Ross also shared at the beginning of his comments that he received tragic news Friday that his 30-year-old nephew had died unexpectedly. “Every moment is a gift from God,” he said somberly. “… Take it not for granted.”

Jan Brown-Thompson, who serves as chair of the Commission on Religion and Race, said afterward that she hopes the service again becomes an annual commemoration held by the conference. She called it “a wonderful, powerful, spiritual-filled day to honor Dr. King,” adding that Ross’ parting charge to share the love of Christ was powerful.

“It’s going to be up to us, the church, to reach out to the world and share the love of Christ” and bring us together. The church must model that love: “If not us, who?” she asked.

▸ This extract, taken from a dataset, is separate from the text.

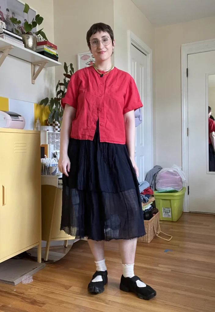 r/oh_avalanche goes bold with a coral-red button-up shirt over a tiered navy midi skirt and T-strap shoes. This is artistic, unique, and full of personality.
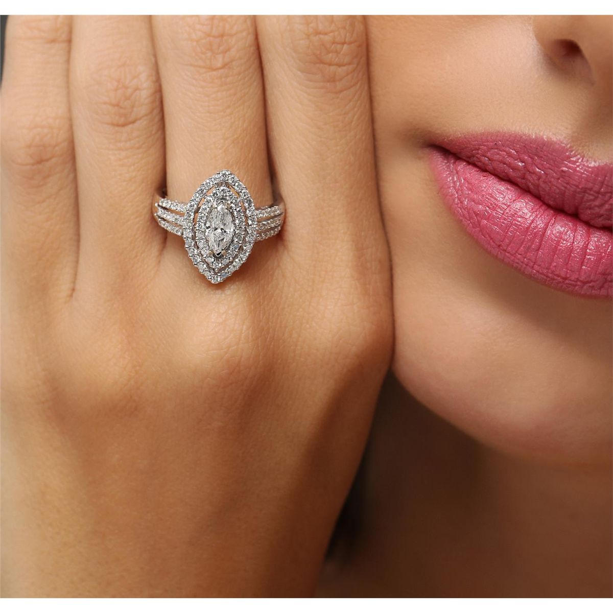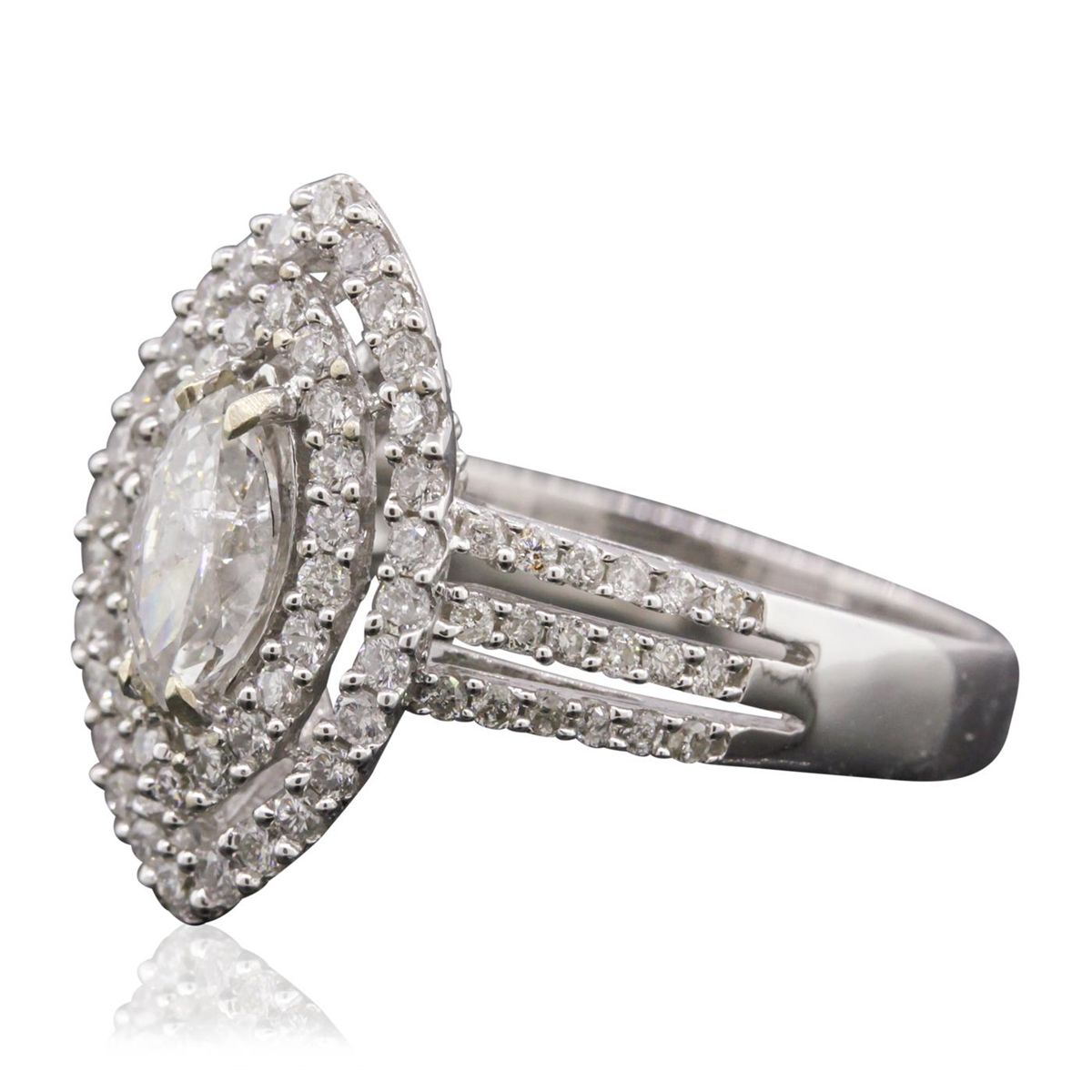 One electronically tested 14KT white gold Ladies combination cast & assembled engagement ring with a bright polish finish. Condition is new. Identified with markings of "14K". Containing: One prong set marquise shaped cut diamond, measuring 7.90 x 4.30 x 2.71mm (depth est.) approximate weight of 0.53ct. Clarity: I-2. Color: I, Cut is Good. Eighty-Four prong set round brilliant cut diamonds, measuring 1.30 - 1.30 x 0.78mm (depth est.) approximate. Total Weight of 84 Stones = 0.67ct. Clarity: I-1 to I-3. Color: H - I, Cut is Good. All grading of diamonds and colored gemstones in this piece of jewelry are graded in the mounting, unless otherwise stated. Total Weight of Diamonds 1.21ct. Total Weight of Engagement Ring 4.90 grams. GGL Appraised at $5,410.00.

Honoring Rev. Dr. Kathy Goodwin
During the service, Jonna Carter, the conference’s co-lay leader, honored the late Rev. Dr. Kathy Goodwin, who served in ministry in the conference for more than 25 years. Goodwin died unexpectedly last August. At the time she was serving as pastor at Crescent Hill and Buechel UMCs and also was chair of the Strengthening the Black Church in the 21st Century team. (Preacely, Saturday’s worship leader, is now the chair of SBC21.)

Goodwin “meant a lot to each of us,” Carter said, presenting a certificate to her daughter, Alexis. “We will always be grateful for her dedication and commitment.”

Morning workshops
Brown-Thompson said between about 35 and 40 people participated in two morning workshops as part of the King commemoration. Rev. Dr. Bessie Hamilton, of Oklahoma City, led “Shattering the Stained Glass Windows,” and Jennifer Davis and R. Dwayne Burks of Gastonia, North Carolina, led “Reimagining Diversity: Building Capacity for Acceptance.”

Hamilton is associate director of Connectional Ministries for New Faith Communities and Multi-Ethnic Initiatives in the Oklahoma Annual Conference. Davis is a human resource professional, motivational speaker and chair of the UMC’s Southeastern Jurisdiction Monitoring Team, and Burks is chaplain/director of social responsibility at the Gaston County Family YMCA and executive director of the Gaston Faith Network.